What say you, professor, about non-gun-related suicides -- just thrill seekers? And if there's a "dark side" to self-reliance (a slap at gun owners' individualism, no doubt), there's no dark side to dependence? One would think that powerlessness and dependency are key factors in driving a person to suicide. Empowered people rarely kill themselves -- isn't that fair to say?
Finally, this bit of shaky reasoning in response to the argument that if guns are taken away wouldn't people find other ways to kill themselves:
"Yes, many may find another method," said Catherine Barber, director of the Harvard center's Means Matter public health education campaign, "but will it kill them?"
Citing statistics from emergency rooms and death certificates, she said, "Nearly everything they substitute will have lower odds of killing them, sometimes dramatically so."
Nearly everything? Barber pays short-shrift to the human capacity to problem-solve, and she doesn't factor in human ingenuity.
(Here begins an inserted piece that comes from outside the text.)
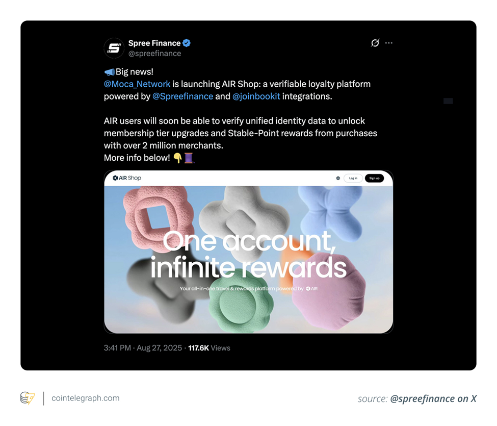 • Air Shop (ra mắt 9/2025): ứng dụng stablecoin vào thương mại và loyalty, giúp điểm thưởng (Stable-Points) có giá trị bền vững và sử dụng ở hơn 2 triệu merchant toàn cầu.

Anyone driven or desperate enough to kill himself can concoct a plethora of means for snuffing out his life. Say, stepping onto a busy road or highway. Deer and dogs can testify to the lethality of a semi bearing down on one of their own at 70 mph. Or leaping from a not-so-tall building or bridge. Or jumping on train tracks as the sound of a train whistle grows louder. Or hanging oneself -- a time-tested method of suicide. Or opening up one's veins in a tub of hot water (a favorite of ancient Romans). On and on...
We're not likely to read a front-page story in the New York Times about how guns save people's lives. Here's one such story. Just Google "How a gun saved my life." There are many stories of guns saving innocent lives.
But none worth featuring at the New York Times.